SteuernsparenAls Immobilienbesitzer müssen Sie in Deutschland verschiedene Steuern und Gebühren an die Behörden zahlen. Besonders in den letzten Jahren hat der Bund bei Immobilieneigentümern die Steuerschraube angezogen. Viele Kommunen heben die Grundsteuer und die Grunderwerbssteuer an.

Allerdings gibt es auch einige Schlupflöcher, durch die Eigentümer und Vermieter einige Abgaben sparen können. Das ist eine Herausforderung, denn im deutschen Steuerrecht gibt es dafür viele Ausnahmeregelungen und Spezialfälle.

Die Immobilie als Kapitalanlage

Besonders attraktiv wird die Immobilie für den Eigentümer, wenn diese als Kapitalanlage und nicht als Eigenheim selbst genutzt wird. Denn bei einer Vermietung werden zahlreiche Ausgaben fällig, die von der Steuer abgesetzt werden können.
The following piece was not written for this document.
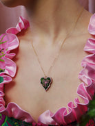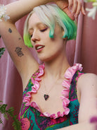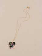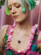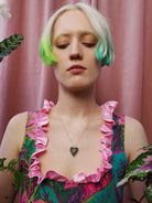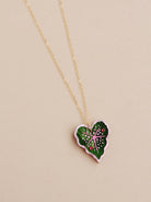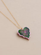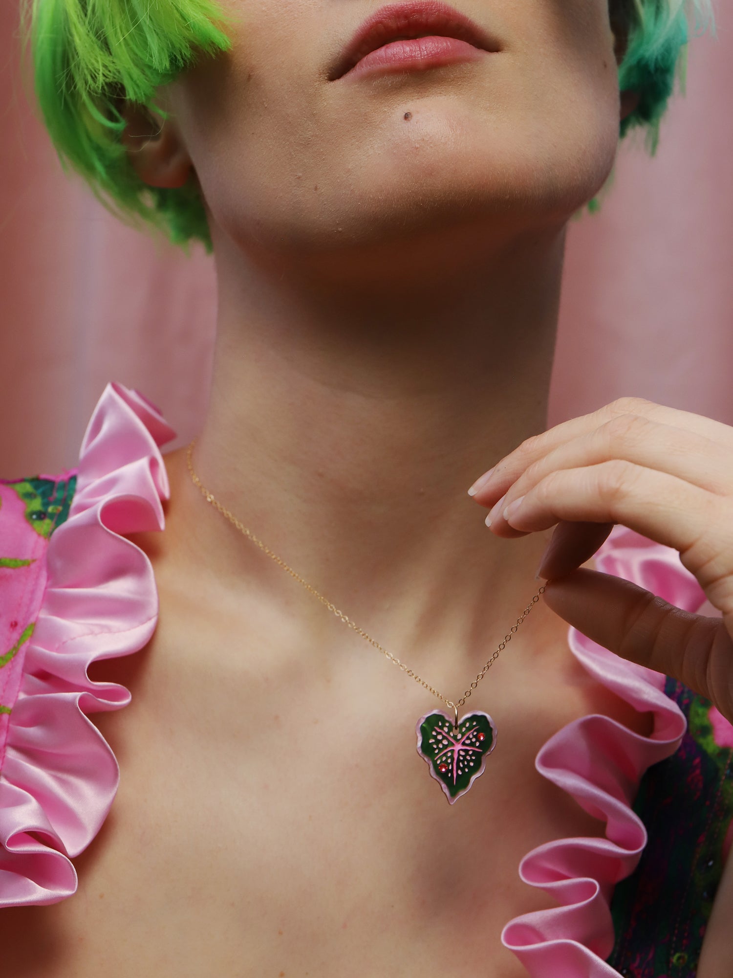 This beautiful statement necklace features a pink and green leaf with glas crystals and wooden backing 🌿💗

Dazu zählen beispielsweise der Kaufpreis (beziehungsweise die Baukosten), Abstandszahlungen für die Einrichtung, anfallende Reparaturkosten, Ausgaben für die Gartenpflege und die Werbungskosten. In manchen Fällen zählen auch die Schuldzinsen aus der Immobilienfinanzierung unter die Kategorie der Werbungskosten.

Besonders Denkmal-Immobilien werden steuerlich gefördert. Denn als Investor können Sie acht Jahre lange die Modernisierungskosten mit jährlich neun Prozent und danach vier weitere Jahre mit sieben Prozent steuerlich geltend machen. Bei den Anschaffungskosten gibt es zusätzlich die lineare Absetzung für Abnutzungserscheinungen.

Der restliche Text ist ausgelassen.